Donc un jour que mon ami le capitaine Jacob Laquedem se trouvait arrêté sur la fosse avec un fort chargement de cannelle qu’il avait été chercher aux Moluques, il se mit à exécuter très consciencieusement les sondages à grandes profondeurs dont il avait été chargé par un grand savant, père-sondeur célèbre dont on me permettra de taire le nom ici, parce qu’il a mal tourné depuis.

Comme le câble cessait de glisser et qu’il s’arrêtait précisément à la profondeur, depuis vérifiée, de 9 429 mètres 11 centimètres, suivant la coutume d’un câble qui chasse au touché, il crut sentir, à l’appel de ses hommes et après examen approfondi, comme un mouvement rhythmique, très doux, imperceptible, mais régulier et volontaire.

— Diable, se dit-il, les griffes de ma sonde se sont refermées sur quelque poisson ou crabe inconnu qui se débat, cependant il semble se débattre en mesure ; c’est curieux, enfin voyons toujours et il donna l’ordre aux hommes de remonter très lentement, avec beaucoup de précaution dans l’enroulement du câble autour de l’arbre de couche du treuil les 9 429 mètres 11 centimètres en question.
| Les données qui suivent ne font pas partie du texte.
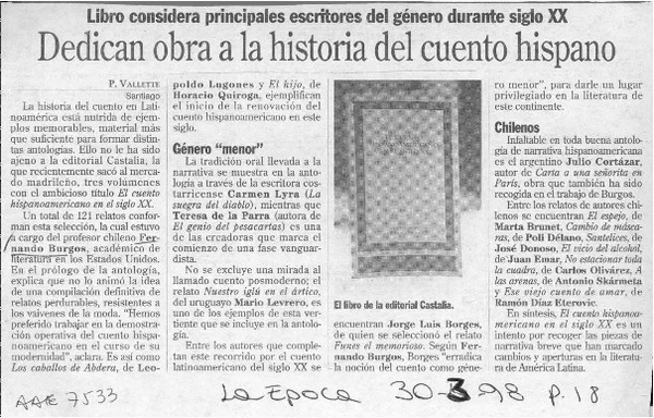 Dedican obra a la historia del cuento hispano [artículo] P. Vallette.

L’opération fut longue et lorsqu’elle fut enfin terminée c’est avec une véritable anxiété que Jacob Laquedem se précipita sur la sonde pour voir quel poisson monstrueux, quel crustacé étrange avait ainsi fait osciller le grelin. Mais les dents d’acier étaient refermée et rien ne dépassait ni ne trahissait la présence d’un être vivant à l’intérieur.

Le capitaine, de plus en plus intrigué, se précipita sur le déclic automatique et lorsqu’il l’eut fait jouer, sa surprise fut grande de voir, non pas un poisson d’une espèce inconnue, mais bien un joli petit coffret en bois des îles rouler à ses pieds.
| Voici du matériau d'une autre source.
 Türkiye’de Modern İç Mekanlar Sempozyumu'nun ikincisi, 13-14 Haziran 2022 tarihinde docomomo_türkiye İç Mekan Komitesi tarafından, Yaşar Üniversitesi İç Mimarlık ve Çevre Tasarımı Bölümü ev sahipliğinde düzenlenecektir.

— Tiens, dit-il, en s’adressant à ses mathurins, voici une boîte qui doit remonter au moins à la reine de Saba et se trouver au fond des mers depuis quelque naufrage préhistorique.

— Pardon, capitaine, fit son second qui était un parisien également fin, instruit et intelligent, comment un coffret en bois, par conséquent léger, peut il ainsi rester au fond des océans, sans nager à la surface ?
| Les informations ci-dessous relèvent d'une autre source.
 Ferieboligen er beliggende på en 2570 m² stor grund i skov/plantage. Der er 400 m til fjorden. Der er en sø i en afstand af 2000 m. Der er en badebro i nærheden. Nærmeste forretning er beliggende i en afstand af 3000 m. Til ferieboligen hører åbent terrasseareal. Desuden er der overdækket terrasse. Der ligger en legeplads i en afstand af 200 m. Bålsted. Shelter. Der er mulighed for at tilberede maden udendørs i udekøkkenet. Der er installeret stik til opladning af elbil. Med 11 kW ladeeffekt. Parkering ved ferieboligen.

— C’est ma foi vrai ; mais en attendant laisse-le moi ouvrir pour voir s’il contient les trésors de la reine de Saba déjà nommée…

Le coffret était fermé par un couvercle qui s’emboîtait hermétiquement et qui était retenu par une boucle et il ne renfermait qu’une feuille pliée en quatre qui avait l’air d’un morceau de fort parchemin ou plutôt de peau de poisson tanné.

Une fois dépliée, la feuille apparut couverte de caractères étranges à première vue, mais après les avoir longuement examinés, tout à coup, comme suffoqué par l’étonnement et la stupéfaction, Jacob Laquedem s’écria :

— Deux choses me renversent dans l’examen attentif et sommaire de ce mystérieux parchemin qui a l’air fabriqué avec une peau de squale, c’est d’abord que ces caractères ont un air de ressemblance étrange avec les caractères hébraïques et sanscrits, mais plutôt hébraïques et, ensuite qu’ils ne paraissent pas remonter à la plus haute antiquité, mais bien écrits il y a quelques heures à peine…

Et comme le capitaine se grattait furieusement la tête, en regardant ces caractères étranges, tout à coup, brusquement, comme sortant d’un rêve, il dit à son second :

— Tu sais que dans le temps j’étais d’une jolie force dans l’art de la cryptographie, je devinais les écritures secrètes les plus conventionnelles, les grilles les plus mystérieuses en moins d’une heure.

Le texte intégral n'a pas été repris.